This said how does the strict cycle bear on computational efficiency? It allows computational decisions to be made locally and incrementally. This is a generically nice feature for computational systems to have for it simplifies computations.[2] Chomsky notes that it also simplifies the process of distinguishing two selections of the same expression from the lexicon vs two occurrences of the same expression. How does it simplify it? By making the decision a bounded one. Distinguishing them, he claims, requires recalling whether a given occurrence/copy is a product of E- or I-Merge. If such decisions are made strict cyclically (at every phase) then phases reduce memory demand: because phases are bounded, you need not retain information in memory regarding the provenance of a valued occurrence beyond the phase where an expression’s features are valued.[3] So phases ease the memory burdens that computations impose. Let me note again without further comment, that if this is indeed a motivation for phases, then it presupposes some conception of performance for only in this kind of context do resource issues (viz. memory concerns) arise. God has no need for bounding computation.

Now I have a confession to make.  I could not come up with a concrete example where this logic is realized involving DP copies, given standard views.  It’s easy enough to come up with a relevant case if e.g. reflexivization is a product of movement.[4] If reflexives involve A-chains with two thematically marked “links” then we need to distinguish copies from originals (e.g. Everyone loves himself differs from everyone loves everyone in that the first involves one selection of everyone from the lexicon (and so one chain with two occurrences of everyone) while the second involves two selections of everyone from the lexicon and so two different chains). However, if you don’t assume this, I personally had a hard time finding an example of what’s worrying Chomsky, at least with copies. This might mean that Chomsky is finally coming to his senses and appreciating the beauty of movement theories of Control and Binding OR it might mean that I am a bear of little brain and just couldn’t come up with a relevant case. I know which option I would bet on, even given my little brain, and it’s not the first. So, anyone with a nice illustration is invited to put it in the comments section or send it to me and I will post it. Thanks.
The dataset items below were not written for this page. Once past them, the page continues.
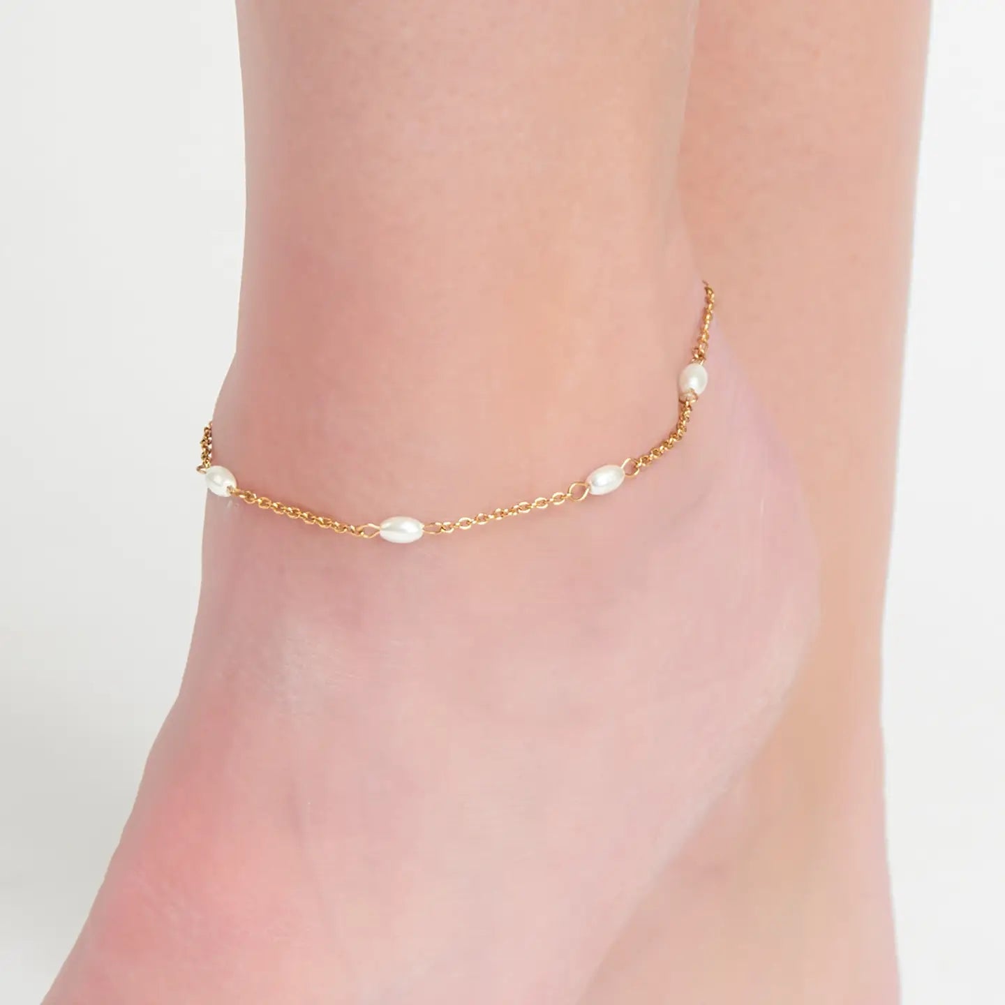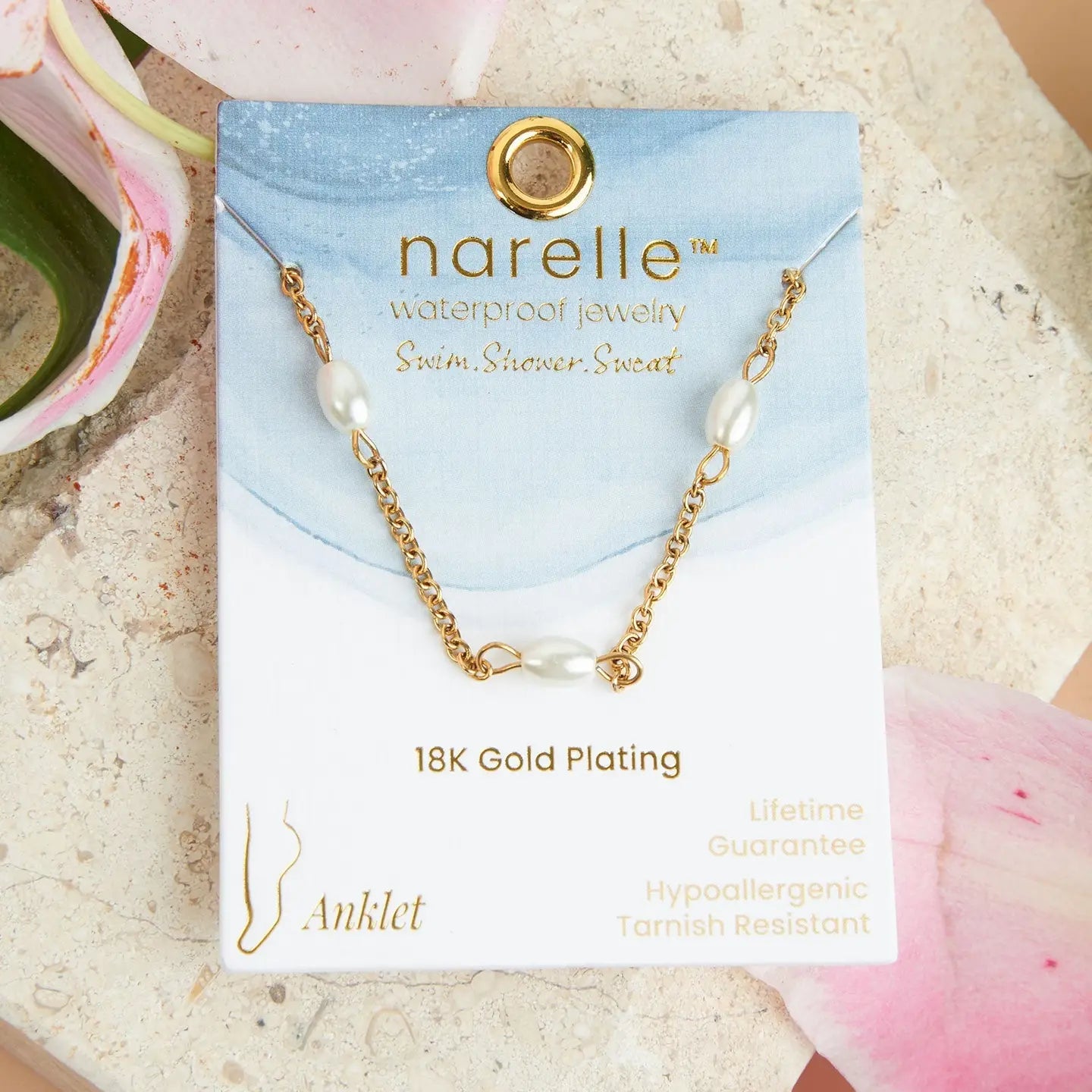 A modern take on a classic, the Narelle Waterproof Pearl Anklet a singular delicate chain in a classic gold with pearl accents. Designed to help you achieve an effortlessly minimalist look, this sweet anklet is the perfect finishing touch to any summer outfit. Waterproof, 18K gold plated and made with a specialized PVD technique to withstand the rigors of life, from swimming and showering to sweating through your most intense workouts, all without ever losing its shine. waterproof jewelry, gold jewelry, stainless steel jewelry, fade proof, tarnish resistant, water resistant, Real Gold Dipped, tarnish-free, non-tarnish, water proof, sweatproof jewelry, Fade Resistant, Anti-oxidation, enewton
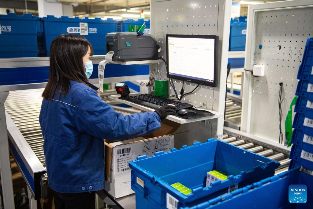 A staff member registers information of medicines at a logistics center of a pharmacy in Kaifu District of Changsha, central China's Hunan Province, Dec. 20, 2022. (Xinhua/Chen Sihan)
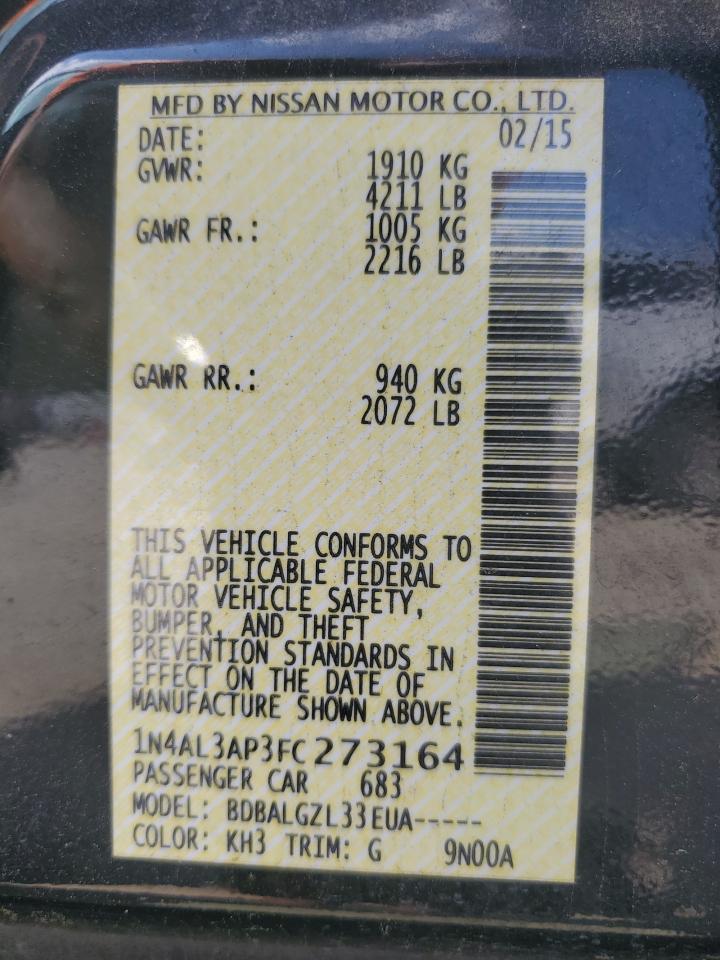 NISSAN ALTIMA 2.5 2015 р.в., (1N4AL3AP3FC273164) з США
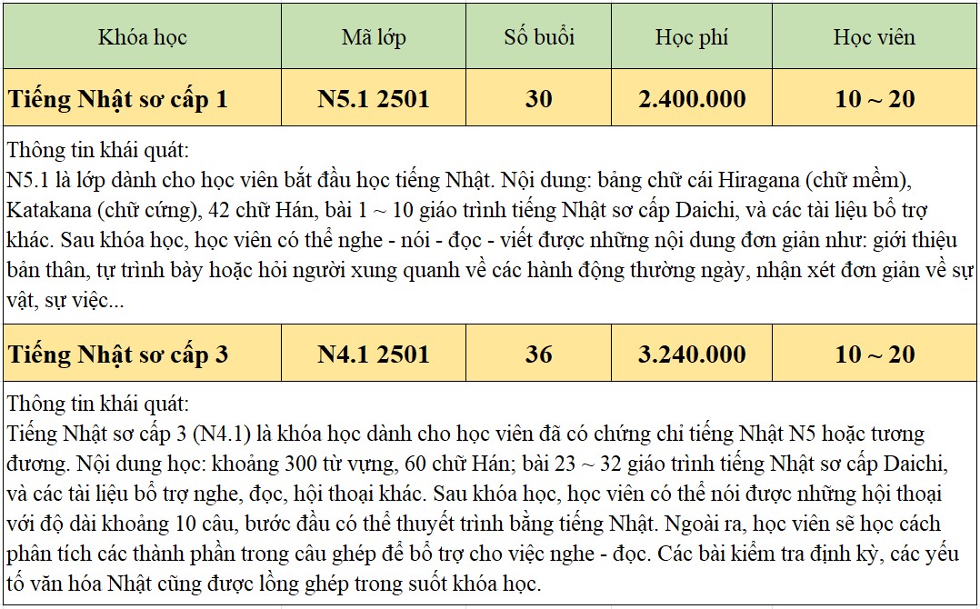 Trung tâm Khảo thí ngoại ngữ và Trao đổi văn hóa (CLC) – ĐH Bách khoa Hà Nội xin thông báo lịch khai giảng trong tháng 2/2025 của lớp tiếng Nhật như sau:

It is not hard to come up with cases that do not involve DPs, but the problem then is not distinguishing copies from originals. Take the standard case of Subject-Predicate agreement for example. Here the unvalued features of T are valued by those of the inherently valued features of the subject DP.  Once valued, the features on T and D are indistinguishable qua features. However, there is assumed to be an important difference between the two, one relevant to the interpretation at the CI interface. Those on D are meaning relevant but those on T are uninterpretable. What, after all, could it mean to say that the past tense is first person and plural?[5] If one assumes that all features at the interfaces must be interpretable at those interfaces if they make it there, then the valued features on T must disappear at Transfer to CI. But if (by assumption) they are indistinguishable from the interpretable ones on D, the computational system must remember how the features got onto T (i.e. by valuation rather or inherently). The ones that get there by valuation in the grammar must be removed or the derivation will not converge. Thus, Gs need to know how features get onto the expressions they sit on and it would be very nice memory-wise if this was a bounded decision.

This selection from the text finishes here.